Brown v. United States

289 A.2d 891 | D.C. | 1972

289 A.2d 891 (1972)

Gregory Wendell BROWN, Appellant,
v.
UNITED STATES, Appellee.

No. 6109.

District of Columbia Court of Appeals.

Argued March 14, 1972.
Decided April 17, 1972.

*892 Louis James Morse, Washington, D. C., for appellant.

James A. Fitzgerald, Asst. U. S. Atty., with whom Harold H. Titus, Jr., U. S. Atty., John A. Terry and John J. Mulrooney, Asst.
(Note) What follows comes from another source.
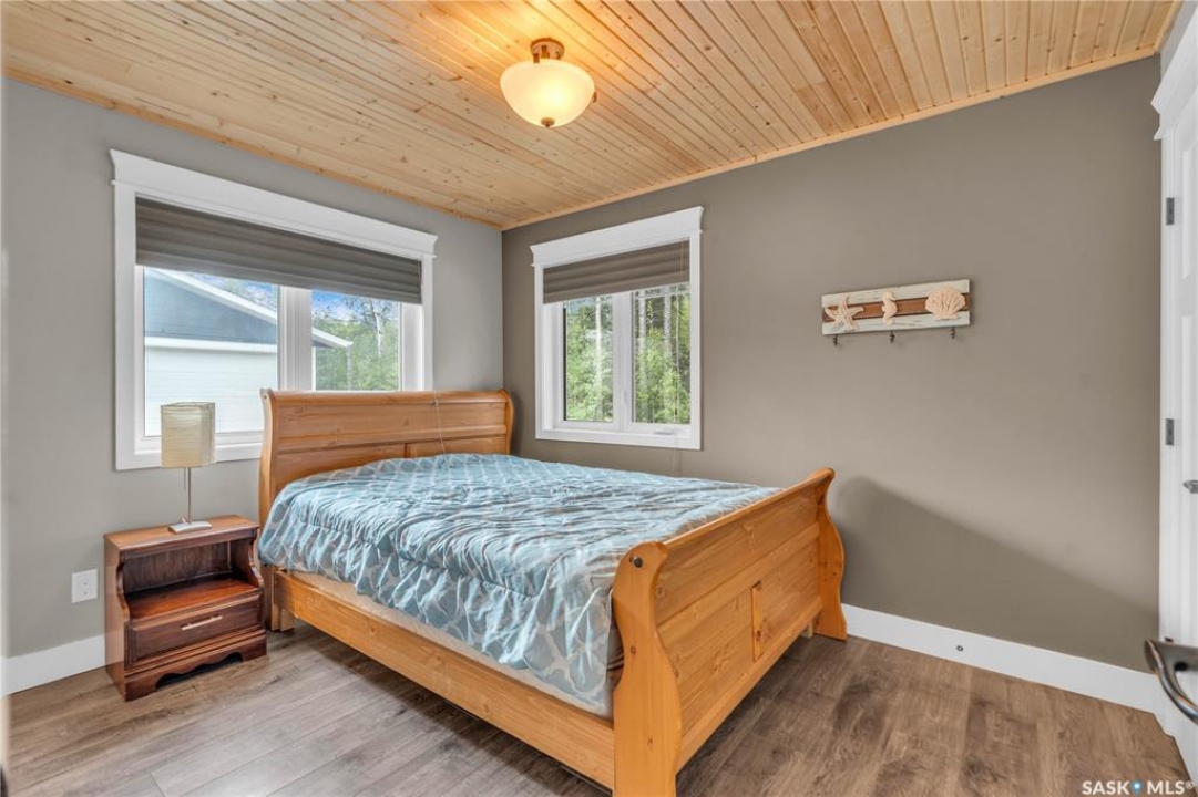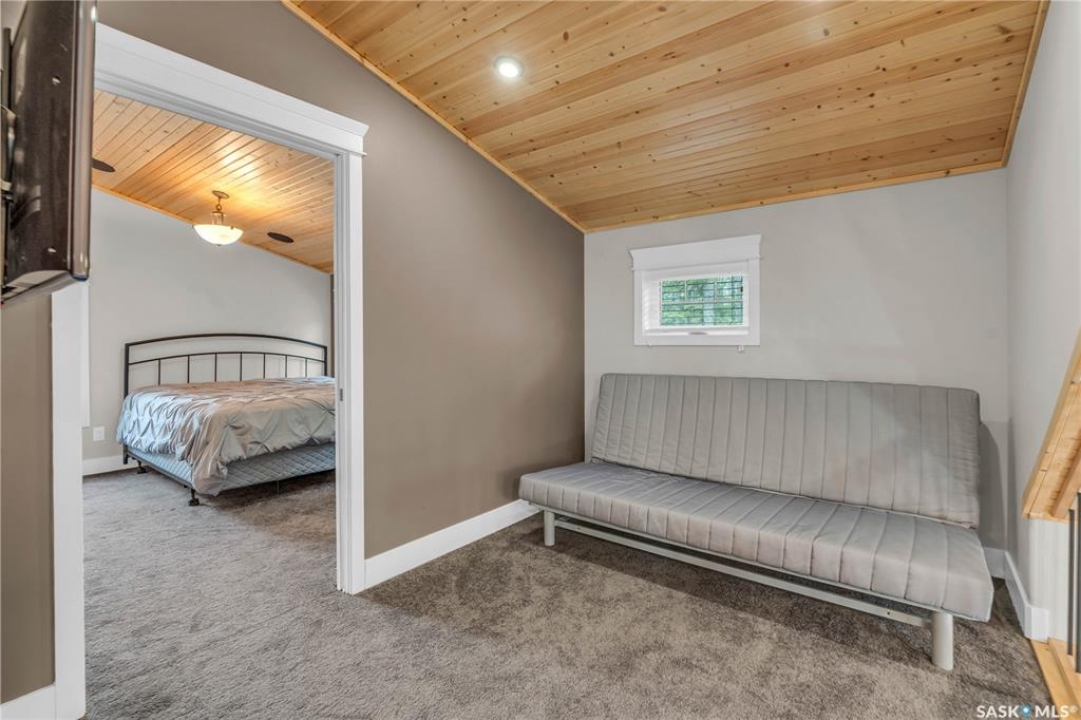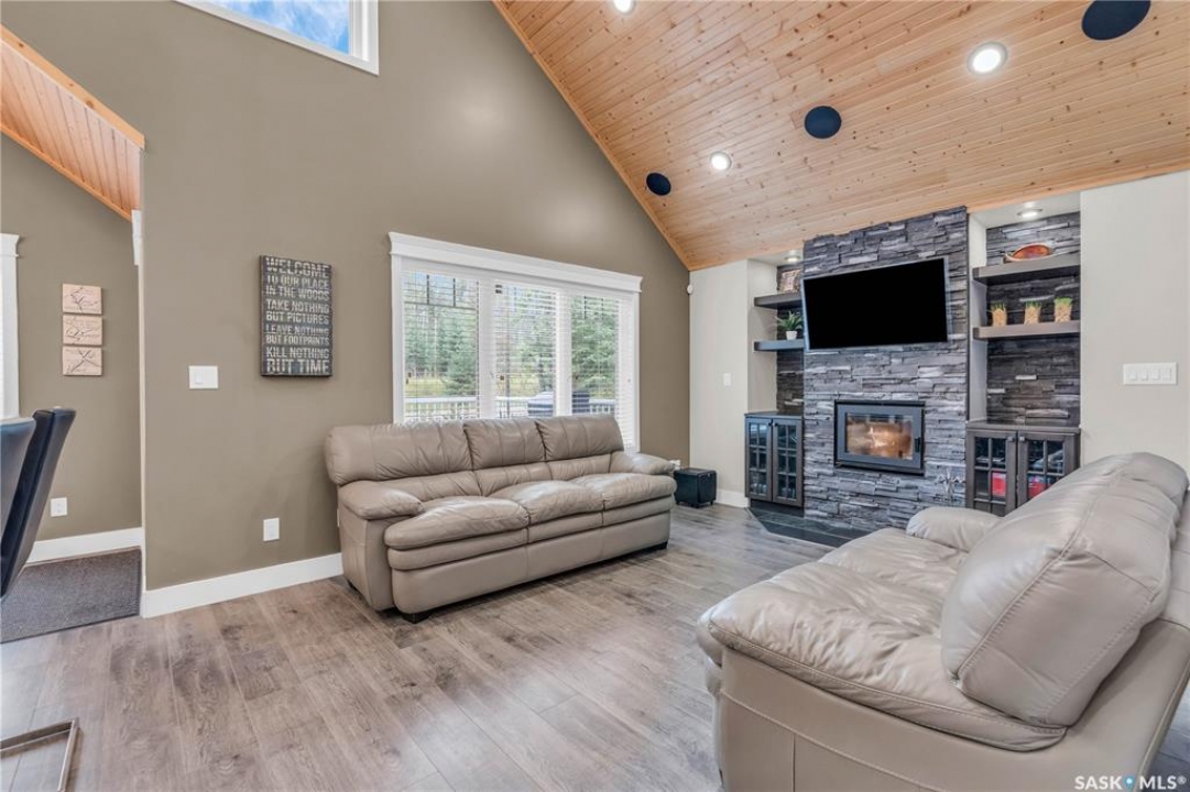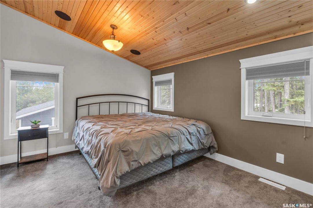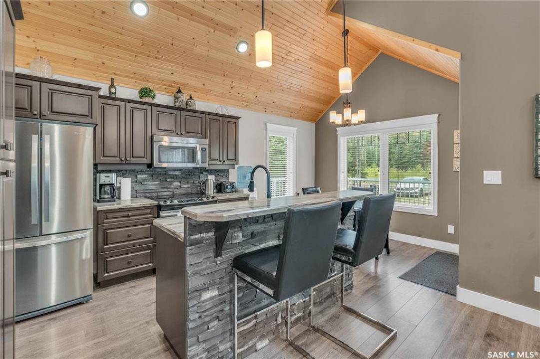 Escape to this stunning winterized cabin, perfectly positioned for all your seasonal adventures! With snowmobile trails and groomed cross-country paths just steps from your door, plus fantastic ice fishing opportunities, this property is a true outdoor enthusiast's dream. Turn key and nestled among mature trees and directly across from crown land, this 1.5-story gem offers unparalleled privacy, backing onto a serene bay. Just a short walk to the beach and close to a golf course, it's the ideal retreat for nature lovers. Step inside to discover an inviting foyer that flows into a breathtaking open kitchen and great room, highlighted by vaulted ceilings that create a spacious ambiance. Elegant touches abound, from tongue and groove pine accents to espresso cabinets adorned with a beautiful backsplash. The kitchen features stainless steel appliances and a generous island, perfect for gathering with family and friends. The garden door opens to a wrap-around deck, complete with a gas BBQ hookup and aluminum railing—an entertainer's paradise. The great room, with its cozy wood-burning fireplace and built-in bookshelves, is designed for family living and creating unforgettable memories. On the main floor, you'll find two spacious bedrooms, a four-piece bath, and a convenient three-piece ensuite. Upstairs, a loft overlooks the great room, providing a connected yet private space. The primary suite is a true retreat, boasting a massive walk-in closet and a luxurious five-piece ensuite that transforms every day into a spa day. Additional features include a 4ft crawl space with a concrete floor, a holding tank, an on-demand hot water heater, and a spacious 24x32-foot garage with a 12-foot door, ensuring all your storage needs are met. The back deck is equipped with built-in speakers, perfect for enjoying music during your outdoor gatherings. This exceptional cabin is designed for family enjoyment in one of Canada's premier destination spots. Don't miss out!

U. S. Attys., were on the brief, for appellee.

Before FICKLING, PAIR and YEAGLEY, Associate Judges.

PAIR, Associate Judge:

Appellant was found guilty on an information charging possession of narcotics paraphernalia in violation of D.C.Code 1967, § 22-3601. On this appeal he assigns as error the refusal of the trial court to exclude from the evidence the narcotics paraphernalia which he contends was obtained as the result of a search and seizure violative of his fourth amendment rights.
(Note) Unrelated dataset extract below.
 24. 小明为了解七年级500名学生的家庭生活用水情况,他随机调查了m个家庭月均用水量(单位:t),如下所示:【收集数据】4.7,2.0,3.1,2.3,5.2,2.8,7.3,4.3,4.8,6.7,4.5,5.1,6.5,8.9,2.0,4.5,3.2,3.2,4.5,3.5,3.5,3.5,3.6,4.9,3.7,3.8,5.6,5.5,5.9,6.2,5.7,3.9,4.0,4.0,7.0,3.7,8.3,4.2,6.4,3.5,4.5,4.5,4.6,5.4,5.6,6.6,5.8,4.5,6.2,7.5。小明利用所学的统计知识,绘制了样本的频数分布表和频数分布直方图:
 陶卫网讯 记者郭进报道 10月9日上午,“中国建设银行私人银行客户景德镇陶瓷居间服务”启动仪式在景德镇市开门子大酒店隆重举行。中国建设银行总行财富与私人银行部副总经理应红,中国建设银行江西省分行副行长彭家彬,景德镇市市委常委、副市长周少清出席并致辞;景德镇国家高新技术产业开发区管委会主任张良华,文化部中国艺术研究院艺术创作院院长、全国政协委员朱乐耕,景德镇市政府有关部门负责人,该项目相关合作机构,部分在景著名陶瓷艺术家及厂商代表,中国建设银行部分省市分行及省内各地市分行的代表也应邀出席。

Because appellant did not move, as required by D.C.Code 1967, § 23-104(a) (2) (Supp. IV, 1971) and implementing Superior Court Criminal Rules 12(b) (3) and 41(g), to suppress as evidence the narcotics paraphernalia, we do not consider his constitutional argument and affirm on procedural grounds.
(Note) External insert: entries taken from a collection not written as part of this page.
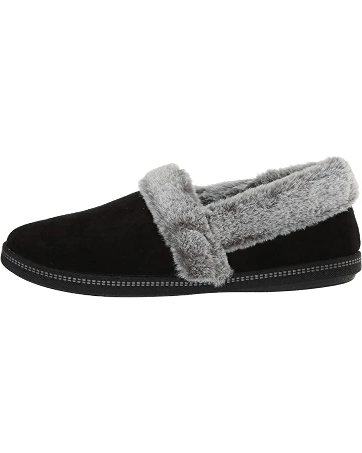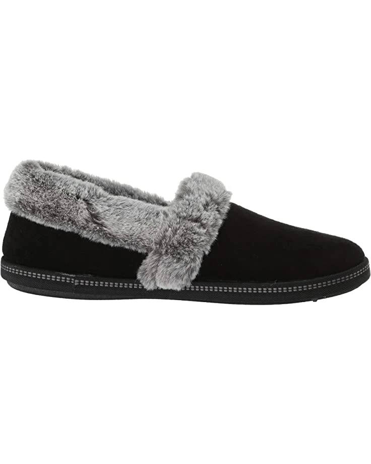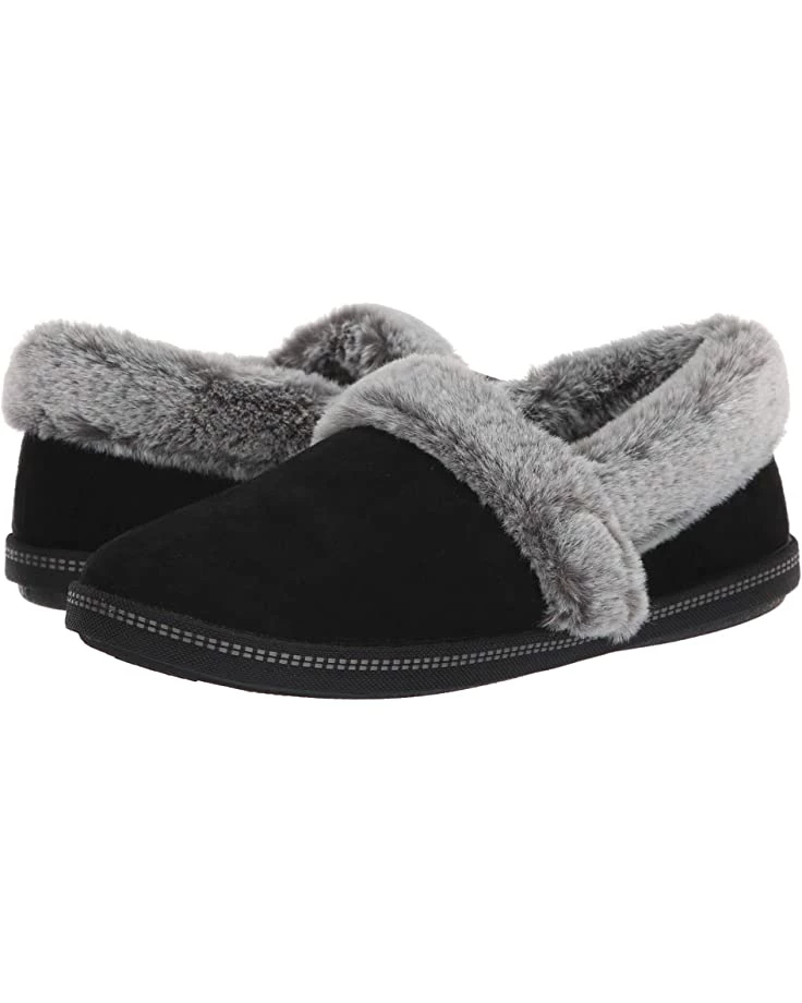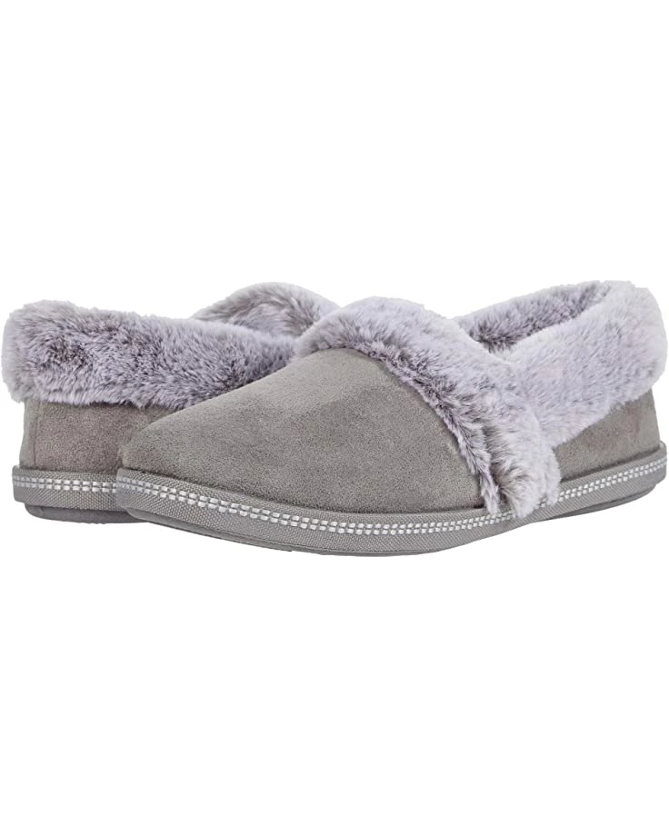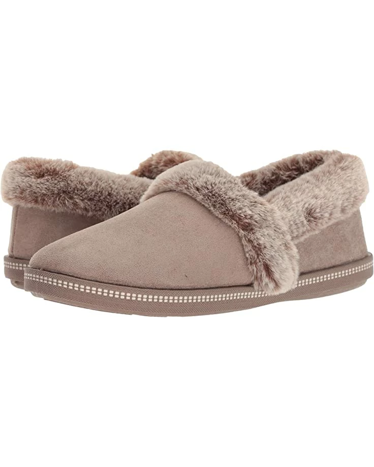 - The SKECHERS® Cozy Campfire – Team Toasty slipper will keep you cozy all season long with a microfiber fabric upper, a suede-like finish, and a plush faux-fur collar.
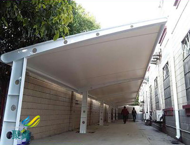 膜结构车棚跨度空间大指出其因为自重轻,膜结构车棚修建能够不需要内部支撑面大跨度掩盖空间,这使大家能够列灵活计和运用修建空间,描绘出愈加有构思的修建。
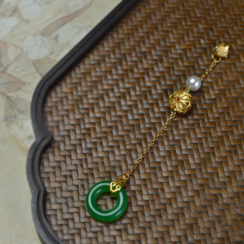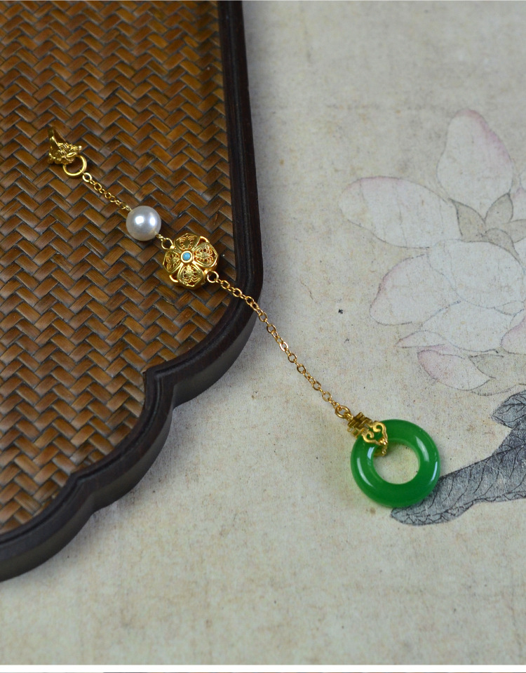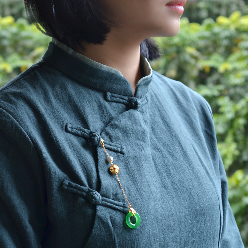 原创翡翠压襟扣挂件玉坠复古百搭中式旗袍汉服茶服胸针配饰品女

D.C.Code 1967, § 23-104(a) (2) (Supp. IV, 1971), and the implementing Superior Court Criminal Rules require that any person who desires to have suppressed evidence allegedly procured by an unlawful search and seizure must do so by motion "made before trial unless opportunity therefor did not exist or the defendant was not aware of the grounds for the motion." These implementing rules differ in an important respect from the Court of General Sessions Criminal Rule 28(e), in effect prior to February 1, 1971. By that rule it was provided in pertinent part that "the Court in its discretion may entertain the motion at the trial."[1]

The purpose and result of the omission of such a provision from D.C.Code 1967, § 23-104(a) (2) (Supp. IV, 1971), and Superior Court Criminal Rules 12(b) (3) and 41(g) seem obvious.

The deletion of this general discretion clause . . . limits the power of a trial judge to hear a motion to suppress evidence during trial to only the two specific exceptions: (1) lack of opportunity to raise the motion before trial, and (2) lack of awareness of grounds for *893 motion before trial. [Rauh and Silbert, Criminal Law and Procedure: D.C. Court Reform and Criminal Procedure Act of 1970. 20 Am.U.L.Rev. 252, 323 (1970-71).]

Appellant urged to the trial court no justification for his failure to move to suppress the evidence nor did he attempt to bring himself within any one of the two exceptions. See the concurring opinion of Judge Nebeker in District of Columbia v. Faison, D.C.App., 278 A.2d 688 (1971). The possibility of suppression therefore being foreclosed, absent a showing of plain error which we do not find upon this record, the court did not err when it admitted as evidence the narcotics paraphernalia and denied the motion for judgment of acquittal. Cf. Jenkins v. United States, D.C.App., 284 A.2d 460, 464 (1971).

Affirmed.

NOTES

[1] Cf. Rule 41(e) of the Federal Rules of Criminal Procedure which contains a similar clause.